Os servidores lembram ainda no texto que a atual polêmica “não é um caso isolado”, referindo-se à publicação pela atual gestão do documento Brasil em Números 2024, em janeiro do ano passado, que incluiu um prefácio assinado pela governadora de Pernambuco, Raquel Lyra, exaltando realizações de sua gestão. Na ocasião, a direção do IBGE ignorou os alertas do corpo técnico sobre “o desvio institucional”.

“A responsabilidade por esses desvios recai inteiramente sobre a atual gestão do IBGE, que, em vez de proteger a função pública do Instituto, tem insistido em empurrá-lo para o campo da imagem, da alegoria, da ação promocional. Não há desculpa técnica, jurídica ou pedagógica para esse tipo de prática. Nenhum país se torna mais respeitado por estar no centro de um papel. A grandeza internacional se conquista com políticas públicas consistentes, instituições confiáveis e dados transparentes – não com encenações visuais”, afirmou o núcleo sindical.

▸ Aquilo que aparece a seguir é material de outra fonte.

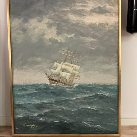 Oljemålning på duk av Helsingborgskonstnären Åke Malmström från 1976 föreställande ett segelfartyg på havet. Målningen visar detaljerade vågor och en molnig himmel. Inramad med en enkel förgylld träram. Signerad och daterad 1976. Målningen är 64 cm bred och 54 cm hög.

Segundo os servidores, os atos recentes teriam violado três princípios constitucionais da administração pública: finalidade administrativa, uma vez que o IBGE tem como função produzir informação técnica e objetiva, e não material simbólico ou político; impessoalidade, por servir à sociedade e não a narrativas de governantes ou gestões; e moralidade administrativa, porque os recursos públicos devem ser usados com integridade e respeito à função estatal.

“A gestão atual do IBGE vem falhando, repetidamente, em proteger o valor técnico e a integridade institucional do órgão. O IBGE não pertence a pessoas. Pertence ao Estado, à sociedade e ao futuro. O Brasil não precisa estar no centro do papel. Precisa estar no centro da honestidade técnica, da responsabilidade pública e do compromisso com a verdade. Por isso dizemos, com serenidade firme: não ao mapa da vaidade. Sim à ciência, à integridade e à maturidade institucional”, defendeu o núcleo sindical.

Em nota divulgada à imprensa na última quinta-feira, 8, o IBGE informou que “o lançamento inédito” do mapa-múndi oficial invertido tinha versões em português e em inglês.

“Estamos lançando o novo mapa-múndi que tem o Brasil nesse centro do mundo, mas agora de uma forma invertida, estimulando a reflexão sobre como nos vemos neste novo mundo em que as transformações ocorrem mais rapidamente e exigem um protagonismo brasileiro ainda maior”, defendeu Marcio Pochmann, em vídeo postado no site do instituto.

O novo mapa destaca os países que são membros do BRICS, do Mercosul, países de língua portuguesa e países que possuem o bioma amazônico, além das cidades do Rio de Janeiro, Belém e Ceará.

“Esse lançamento integra uma série de ações estratégicas para a reflexão e o debate sobre a importância do Sul Global, em meio à crescente importância do Brasil no cenário internacional e às mudanças geopolíticas mundiais”, declarou o IBGE na nota oficial. “O lançamento é feito em ano que o Brasil tem ativa participação nos debates e perspectivas do Sul Global e do cenário mundial, em especial por presidir o BRICS e o Mercosul. E recebe a COP 30”, justificou o instituto, no comunicado.